Et si l’on tirait les choses au clair ?

El-Jadida n’a pas seulement été meurtrie dans son âme, trahie par le mirage de ses cabines et le saccage de ses aquariums à ciel ouvert. La célèbre passerelle de l’hôtel Marhaba, qui donnait à l’édifice des airs de paquebot échoué face à l’Atlantique, clin d’œil au Titanic disparu peu de temps auparavant, n’est que l’un des symboles d’un naufrage bien plus profond.
La cité, autrefois fière de son patrimoine et de son histoire, a été lentement mais sûrement dépouillée. De ses biens. De sa mémoire. De son identité. Par qui ? Nul ne le sait. Ou plutôt, personne n’ose le dire. Aucune enquête sérieuse n’a été menée. Pourquoi ? Il faudrait poser la question à ceux qui avaient, et ont toujours, les clés de la ville. Responsables ? Ou complices ?
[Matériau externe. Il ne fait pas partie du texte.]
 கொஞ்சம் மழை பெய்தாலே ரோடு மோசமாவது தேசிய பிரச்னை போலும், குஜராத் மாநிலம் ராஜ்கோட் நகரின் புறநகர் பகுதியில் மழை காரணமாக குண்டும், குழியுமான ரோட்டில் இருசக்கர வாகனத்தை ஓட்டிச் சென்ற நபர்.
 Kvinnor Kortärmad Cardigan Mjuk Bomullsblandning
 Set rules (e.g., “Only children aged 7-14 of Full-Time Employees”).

Prenons quelques exemples. L’horloge de la poste, repère incontournable pour tous les Jdidis : disparue. L’effigie en bronze du roi Mohammed V, qui trônait fièrement au parc éponyme : envolée. Les deux canons de la Cité portugaise ? Volés dans un premier temps, puis miraculeusement retrouvés au fond des eaux du port et remis en place, après le tollé médiatique soulevé par feu Michel Amengal.
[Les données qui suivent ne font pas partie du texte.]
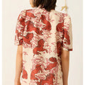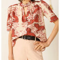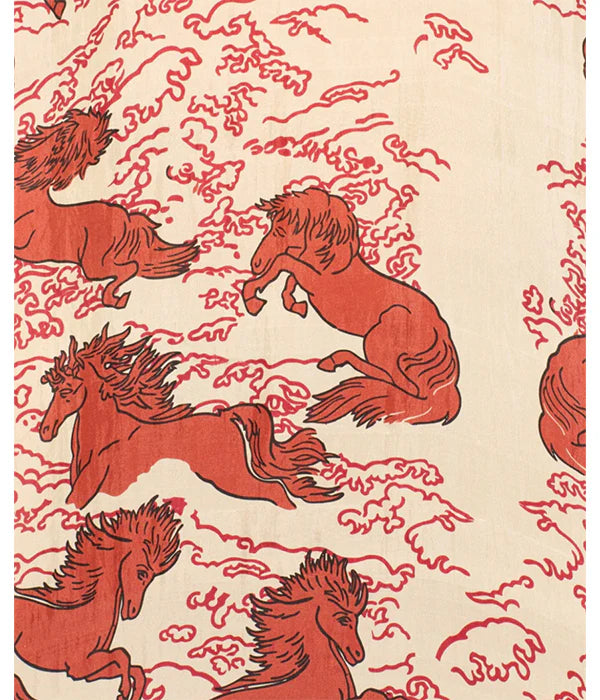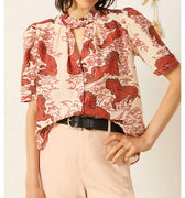 An elevated classic with a bold twist. Featuring a striking horse motif in warm red tones, this airy blouse is finished with a soft stand collar and delicate button front. Effortless, artful, and endlessly chic—perfect tucked in or worn loose for understated drama.
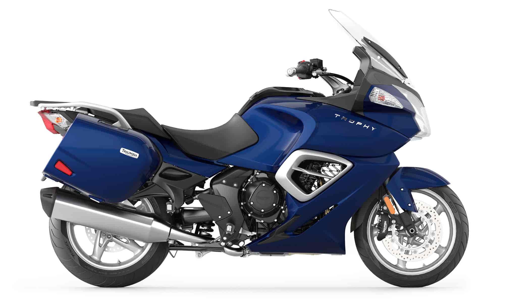 Two models are available: the Trophy and the Trophy SE. Either model can be selected in Pacific Blue or Lunar Silver paint schemes. Both models feature headlight positional adjustment, center stand, rider seat height adjustment, lockable cockpit storage box with 12v power socket, a 6.6 gallon fuel tank and Triumph’s unique Dynamic Luggage System (TDLS), all as standard.
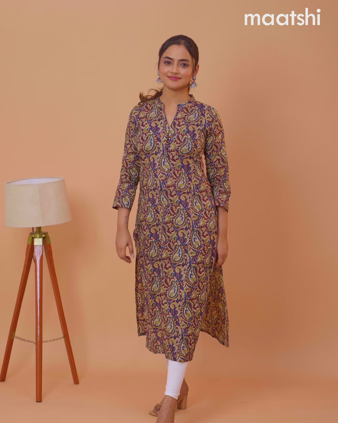 Cotton kurti deep maroon with kalamkari prints & simple neck pattern and without pant
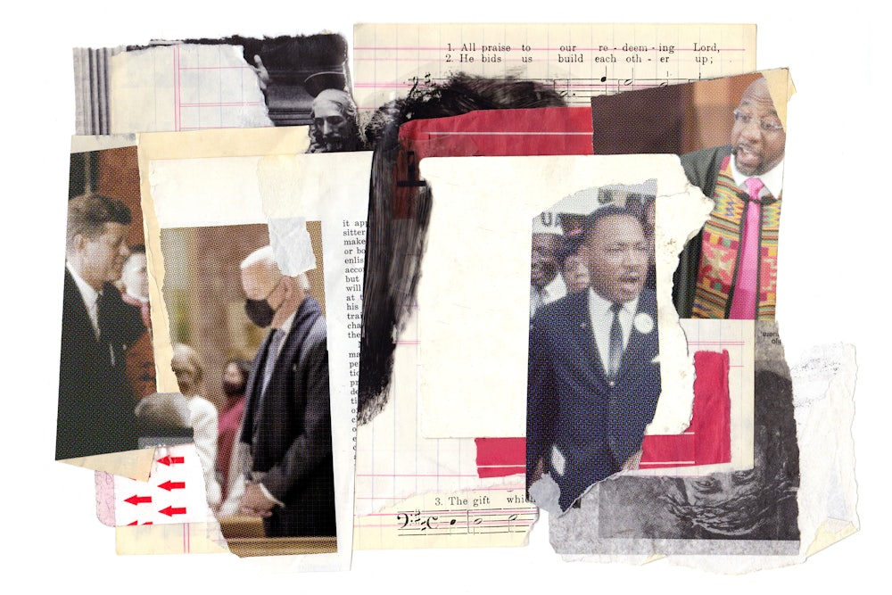 These developments didn’t come out of nowhere. Well before the advent of Trumpism, there were hopeful signs of a renewed spiritually minded sensibility on the left, particularly within Black churches. The Reverend William J. Barber II of Goldsboro, North Carolina, the former head of the state’s NAACP chapter, launched his “Moral Mondays” protests at the state’s General Assembly building in 2013. And the Reverend Raphael Warnock, now best known as one of the two senators elected in January’s Georgia runoff election to tip majority control of the chamber to the Democrats, had for over a decade held Martin Luther King Jr.’s former pulpit at Atlanta’s Ebenezer Baptist Church. Like Barber, Warnock has preached an urgent social-gospel message—combining calls for Medicaid expansion and police reform with grassroots voter registration drives, including those captained by his state’s former Democratic gubernatorial candidate Stacey Abrams. (It’s not for nothing that the voter suppression legislation recently approved by the state legislature in Georgia targets Sunday early voting for elimination—Sunday voting is one of the most powerful engines of Black turnout.)
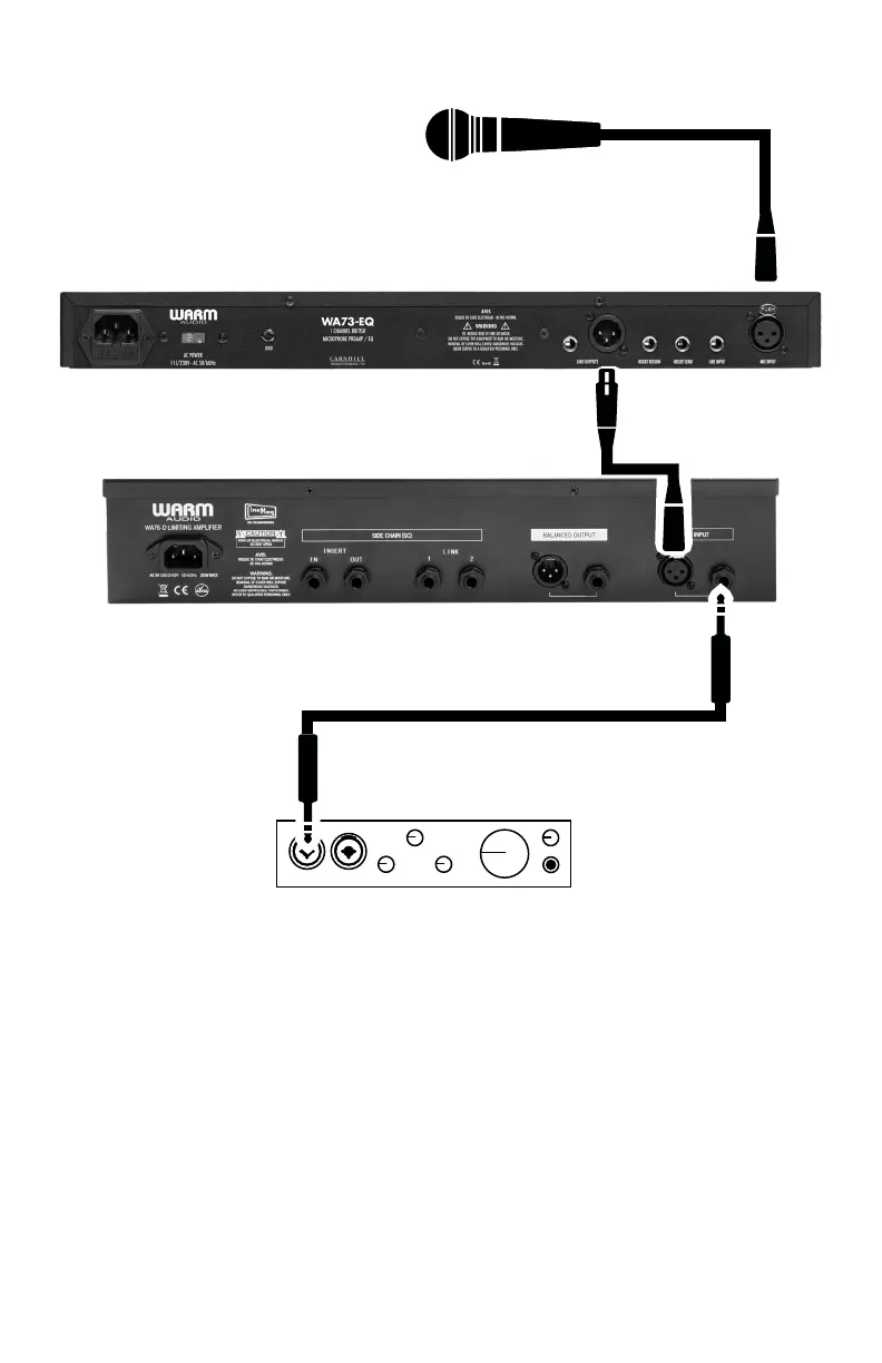 Dans cet exemple, un microphone est connecté à l’entrée d’un WA73-EQ, qui envoie le signal dans le compresseur
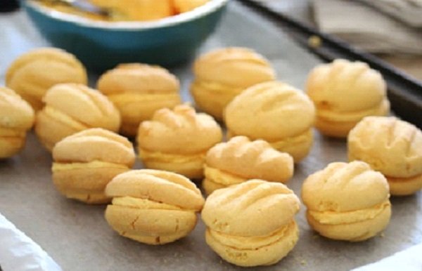 - نحشو كل قطعتي كوكيز بحشوة الكاسترد التي حضرناها ثم نقدمها .
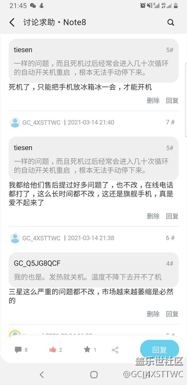 三星手機(jī)死機(jī)這種嚴(yán)重問題都不解決,希望三星能看到這個(gè)帖子,已經(jīng)反饋給售后了,沒有收到任何結(jié)果,只能發(fā)帖求救了,求版主給過不要?jiǎng)h帖,圖片是其他用戶反饋的一樣問題
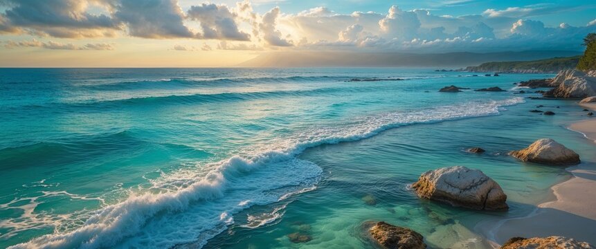 Tranquil coastal beach aerial view with rolling waves and copy space

Et ce n’est pas tout. Même la morgue n’a pas été épargnée. Ses moteurs de refroidissement ont disparu du jour au lendemain, comme par enchantement. Pourtant, leur déplacement nécessitait une expertise et une logistique que seuls des professionnels aguerris pouvaient mobiliser. Résultat : une morgue hors service. Certains, dans un élan de cynisme désabusé, vont jusqu’à affirmer que c’est à cause de cette panne que la Coupe du monde a été attribuée à une Afrique du Sud, mieux dotée en domaine de santé publique.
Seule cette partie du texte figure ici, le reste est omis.